*DATA FOR THE TASK*:
══════
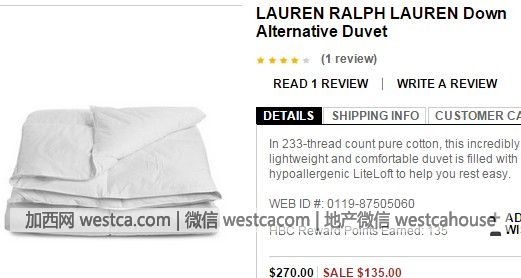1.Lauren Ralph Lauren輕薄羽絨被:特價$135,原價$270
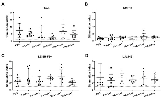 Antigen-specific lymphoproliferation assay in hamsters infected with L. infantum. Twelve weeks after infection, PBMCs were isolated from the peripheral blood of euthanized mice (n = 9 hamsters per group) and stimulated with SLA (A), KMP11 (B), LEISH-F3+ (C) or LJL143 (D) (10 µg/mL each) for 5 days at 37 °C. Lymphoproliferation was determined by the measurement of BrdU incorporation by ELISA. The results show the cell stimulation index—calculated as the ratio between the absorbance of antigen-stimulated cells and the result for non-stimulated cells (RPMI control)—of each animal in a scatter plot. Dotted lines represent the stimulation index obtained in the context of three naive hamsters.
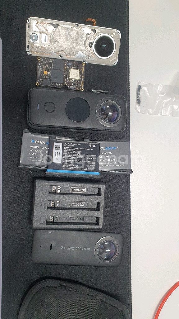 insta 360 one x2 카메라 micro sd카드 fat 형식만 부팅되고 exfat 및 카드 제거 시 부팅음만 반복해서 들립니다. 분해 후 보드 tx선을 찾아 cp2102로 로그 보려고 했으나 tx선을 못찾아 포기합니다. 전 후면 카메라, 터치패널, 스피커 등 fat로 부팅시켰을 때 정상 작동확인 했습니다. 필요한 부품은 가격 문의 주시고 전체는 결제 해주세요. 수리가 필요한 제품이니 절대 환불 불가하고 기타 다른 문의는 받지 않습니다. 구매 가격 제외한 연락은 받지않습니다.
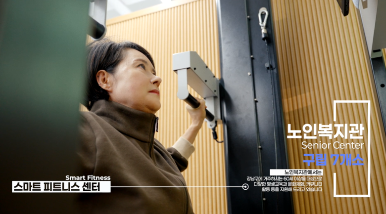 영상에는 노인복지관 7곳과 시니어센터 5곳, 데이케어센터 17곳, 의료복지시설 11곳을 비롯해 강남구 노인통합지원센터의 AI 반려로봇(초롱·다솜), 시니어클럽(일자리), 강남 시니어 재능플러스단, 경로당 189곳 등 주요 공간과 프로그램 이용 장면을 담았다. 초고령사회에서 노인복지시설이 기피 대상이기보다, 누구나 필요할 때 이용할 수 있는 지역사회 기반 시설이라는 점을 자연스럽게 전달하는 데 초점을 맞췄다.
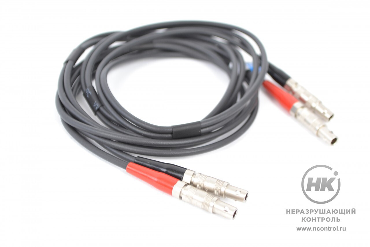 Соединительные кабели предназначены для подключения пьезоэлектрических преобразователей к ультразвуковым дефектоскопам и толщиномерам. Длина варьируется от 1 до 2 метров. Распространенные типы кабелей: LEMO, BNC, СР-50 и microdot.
══════
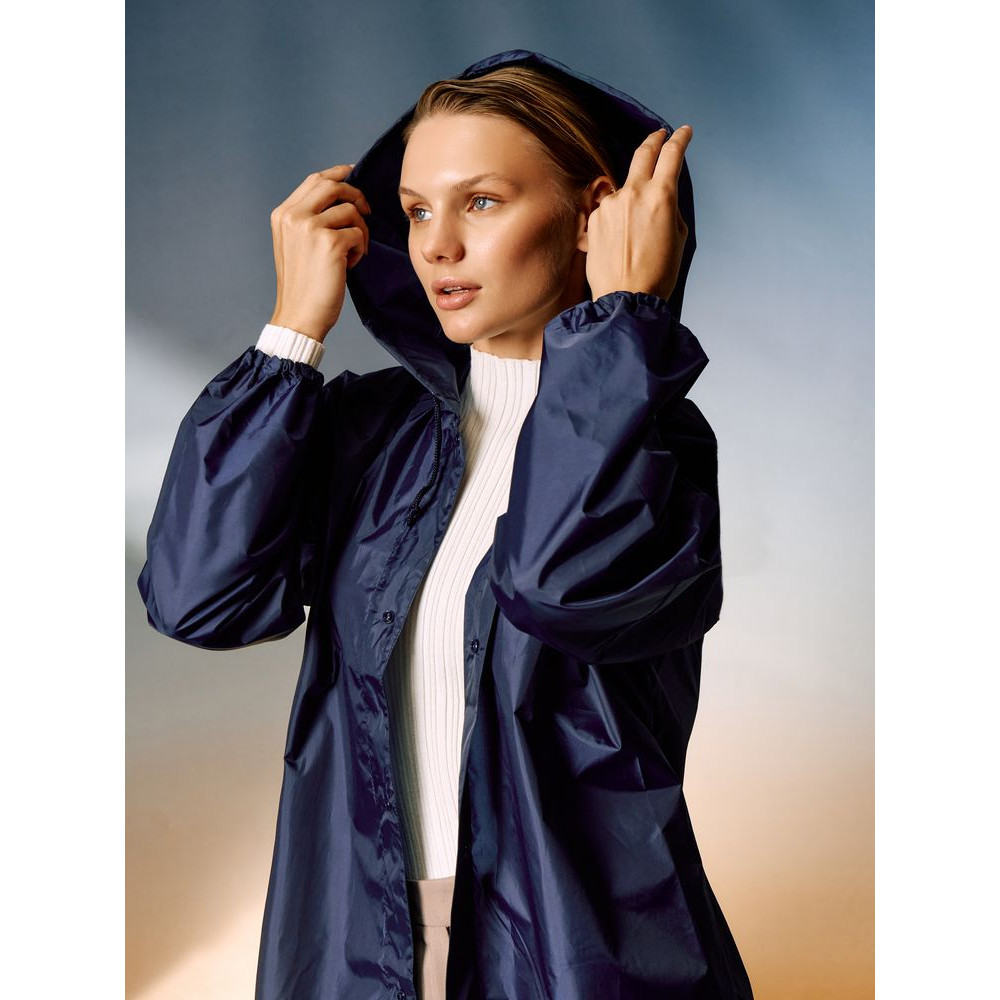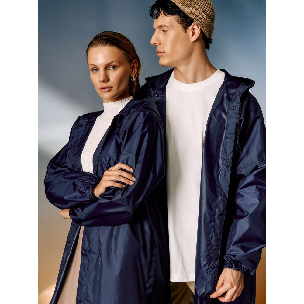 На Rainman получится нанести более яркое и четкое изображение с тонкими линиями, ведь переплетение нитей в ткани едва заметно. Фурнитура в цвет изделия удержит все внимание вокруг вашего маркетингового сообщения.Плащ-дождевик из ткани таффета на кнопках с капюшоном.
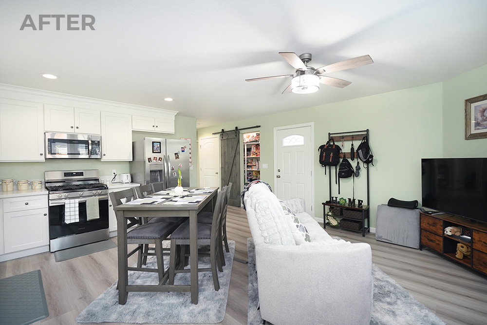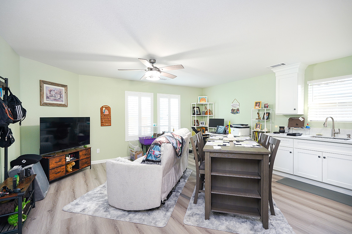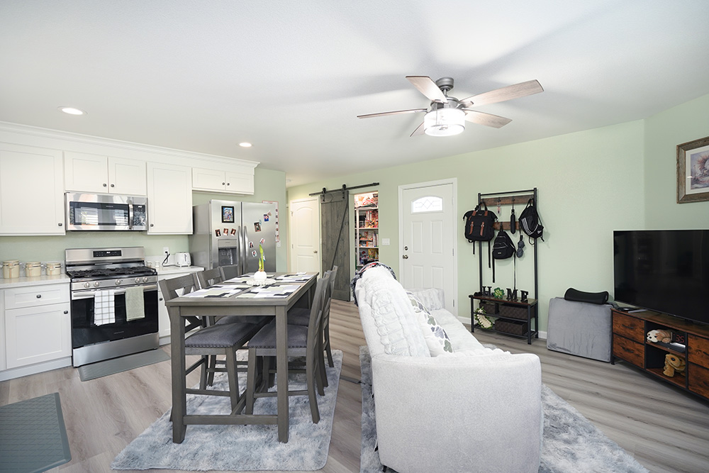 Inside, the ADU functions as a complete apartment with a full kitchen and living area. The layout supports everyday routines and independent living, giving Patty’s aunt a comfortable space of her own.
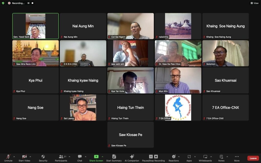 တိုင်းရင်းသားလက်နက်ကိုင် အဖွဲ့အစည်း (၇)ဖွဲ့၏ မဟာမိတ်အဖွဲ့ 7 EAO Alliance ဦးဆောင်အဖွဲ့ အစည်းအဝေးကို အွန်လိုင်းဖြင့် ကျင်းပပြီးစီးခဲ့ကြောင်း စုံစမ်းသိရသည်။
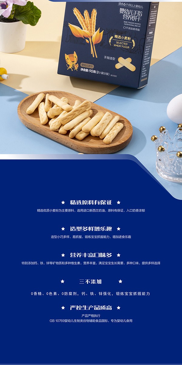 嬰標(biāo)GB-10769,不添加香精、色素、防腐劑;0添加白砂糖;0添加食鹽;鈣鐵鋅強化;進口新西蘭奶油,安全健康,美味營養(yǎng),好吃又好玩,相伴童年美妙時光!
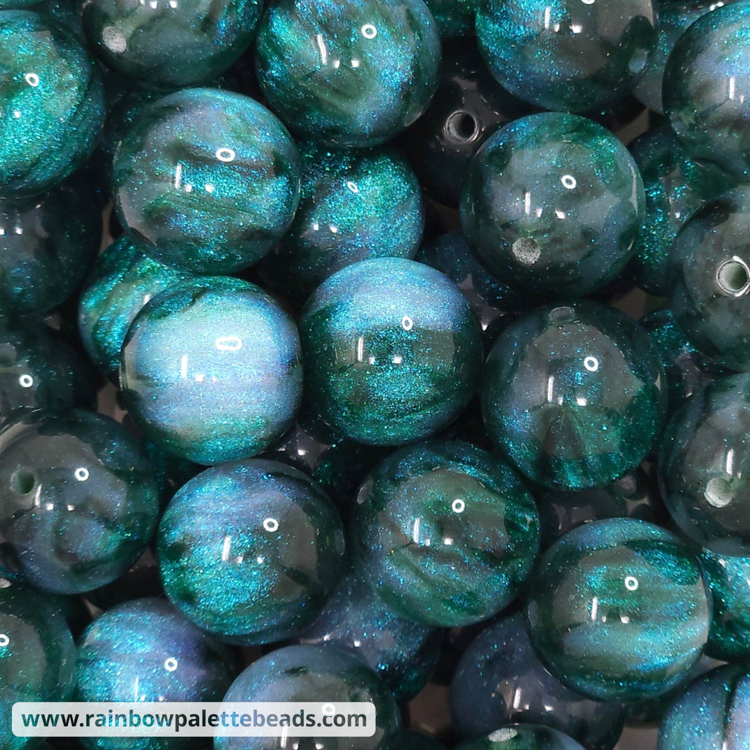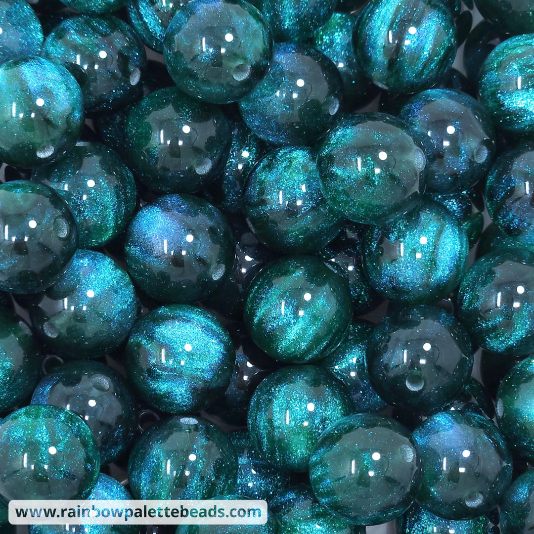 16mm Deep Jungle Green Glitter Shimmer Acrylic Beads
══════
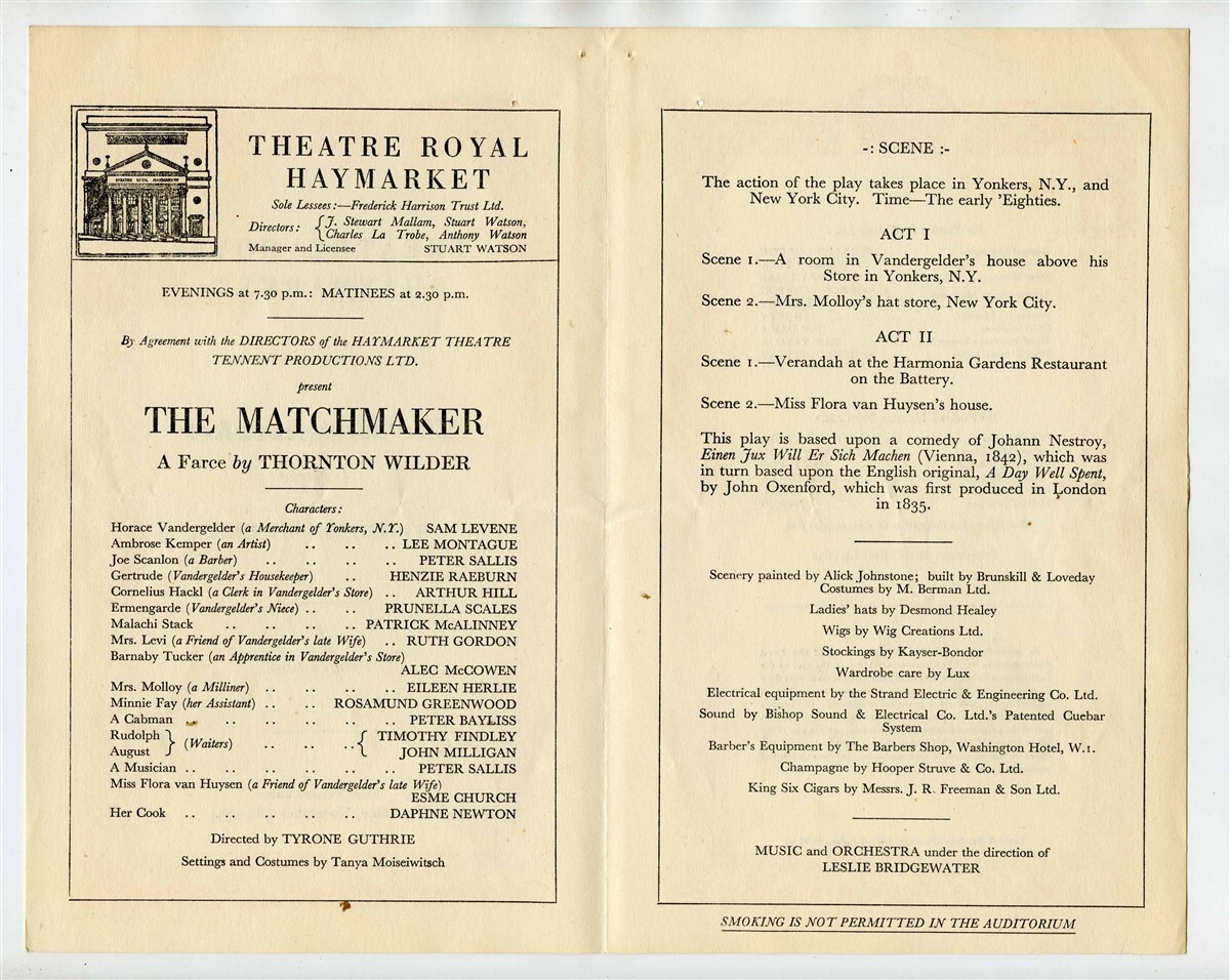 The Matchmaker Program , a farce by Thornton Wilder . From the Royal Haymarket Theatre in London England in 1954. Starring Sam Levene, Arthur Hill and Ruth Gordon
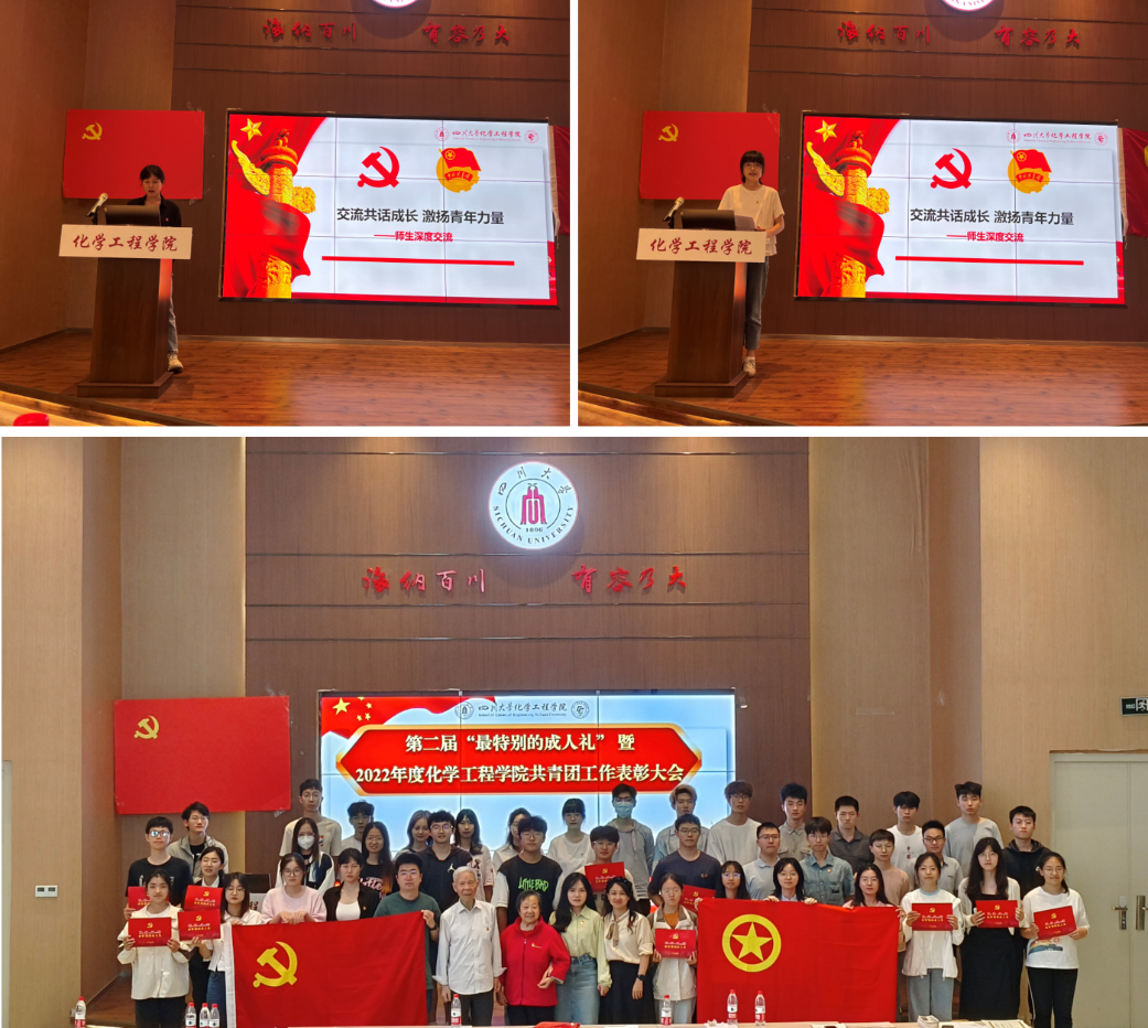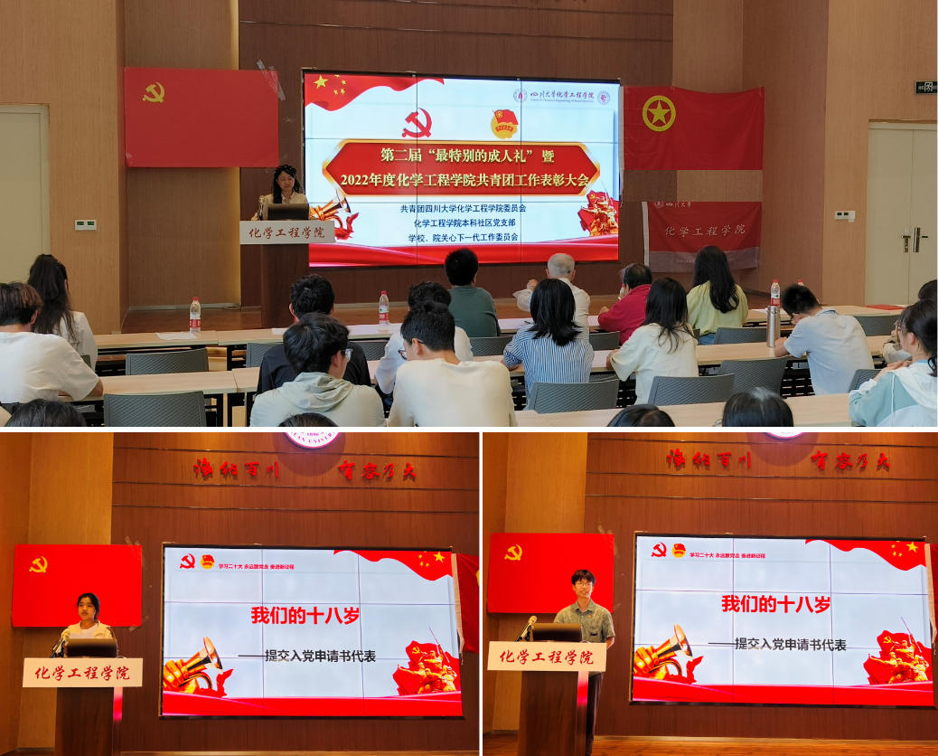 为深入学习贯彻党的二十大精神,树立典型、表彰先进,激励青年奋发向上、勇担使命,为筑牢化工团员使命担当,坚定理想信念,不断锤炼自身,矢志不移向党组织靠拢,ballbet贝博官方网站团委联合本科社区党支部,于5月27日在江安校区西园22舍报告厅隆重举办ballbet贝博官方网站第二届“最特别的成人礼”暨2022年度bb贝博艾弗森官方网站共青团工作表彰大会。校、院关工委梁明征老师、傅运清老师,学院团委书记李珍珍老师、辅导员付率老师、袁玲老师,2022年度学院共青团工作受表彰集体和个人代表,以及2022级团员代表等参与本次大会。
══════
*TASK TO COMPLETE*:
Above this task is a listing with pictures in it. Retype only the lines from the one containing "1.Lauren Ralph Lauren輕薄羽絨被:特價$135,原價$270" through the one containing "Antigen-specific lymphoproliferation assay", both included, and not the pictures.

*TASK RESULT*:
1.Lauren Ralph Lauren輕薄羽絨被:特價$135,原價$270
 Antigen-specific lymphoproliferation assay in hamsters infected with L. infantum. Twelve weeks after infection, PBMCs were isolated from the peripheral blood of euthanized mice (n = 9 hamsters per group) and stimulated with SLA (A), KMP11 (B), LEISH-F3+ (C) or LJL143 (D) (10 µg/mL each) for 5 days at 37 °C. Lymphoproliferation was determined by the measurement of BrdU incorporation by ELISA. The results show the cell stimulation index—calculated as the ratio between the absorbance of antigen-stimulated cells and the result for non-stimulated cells (RPMI control)—of each animal in a scatter plot. Dotted lines represent the stimulation index obtained in the context of three naive hamsters.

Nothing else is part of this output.